Rajan has yet another speech in which he says much of the same but two important points:
In the coming weeks, we will roll out more recommendations of the Gandhi Committee report to improve the liquidity and depth of the G-Sec market. We will then turn to money markets and corporate debt markets. We will introduce new variants of interest rate futures and products like inflation indexed certificates, and work to improve liquidity in derivative markets.
This is interesting. The Gandhi committee report is here. They are likely to
There are more recommendations. It will be quite interesting if these come through. Imagine if you can easily buy or sell government securities including T-Bills. You are currently getting, from the government, yields of above 9% for T-Bills as less as 91 days.

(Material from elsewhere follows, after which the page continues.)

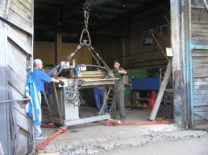 Заказчик, видя как у нас все хорошо и быстро получается, предложил за компанию перевезти еще и сварочный станок. Весу в нем было немного, но конструкция предполагала строповку с траверсой, а мы ее в этот день, как на зло с собой не взяли. Но оптимизм владельца вдохновил нас и мы согласились и на сварочный станок.

You can also get a much better deal on a long term cash flow instrument, like a 30 year bond – so if you retire today, you could easily buy a 30 year bond at a yield of about 9.25%. Comparable annuities yield far lesser, and don’t allow you to cash in part of the portfolio in the interim. And you don’t get 30 year FDs to lock in yield. This could be quite interesting for the future.
And last but not least, with have to deal better with distress; The natural, and worst, way for a bank management with limited tenure to deal with distress is to “extend and pretend” to evergreen the loan, hope it recovers by miracle, or that one’s successor has to deal with it. The natural incentive for a promoter to deal with distress is to hold on to equity and control despite having no real equity left, and to stand in the way of all efforts to resolve the underlying project while hoping for an ‘Act of God’ to bail him out. Not all bankers and promoters succumb to these natural incentives but too many do.
We have to ensure that the system recognises financial distress early, takes steps to resolve it, and ensures fair recovery for lenders and investors. We could wish for a more effective judicial process or a better bankruptcy system, but while we await that, we have to improve the functioning of what we have. In the next few weeks, we will announce measures to incentivise early recognition, better resolution, and fair recovery of distressed loans.
A mechanism that creates incentives to early recognition has to mean only one thing – that banks needn’t recognize losses immediately. If banks had to, their profitability and reserve ratios will be hit badly.
Or, it might mean they will adopt a carrot and stick approach. A mechanism that puts ALL loans of any issuer at par with everyone else will be interesting – if you default on any loan, then every other bank that has lent to you must classify you as an NPA. A centralized mortgage system has already been introduced so that each mortgage is registered in a common place (so borrowers can’t borrow twice against the same collateral – a common occurance in the industry).
I would recommend that banks be forced to collaborate through a central NPA recognition system, and any secondary loan made to an entity that has not paid any other loan for even 60 days should attract big fines for the bank. Plus, for resolution banks will have to work together right from the beginning, instead of doing the CDR approach – RBI can design a framework which assigns the “lead” banker on an NPA who has to do a checklist of items that will ensure ring-fencing of assets and a short timeline to either bankruptcy or an RBI sanctioned extension. And, they have to include NBFCs and stock exchanges to participate otherwise things get moved around.
Finally, a system to auction bad assets (including collateral) might be useful, and could even involve non-banks and individuals.
We should wait and see what comes out of this. I see business opportunities for technology in both the above. I also see interesting points for new banks to make their mark in, and for good recovery companies to buy and deal in distressed debt.
Note: I’m sorry if this is too much about banking and too little about real macro nowadays.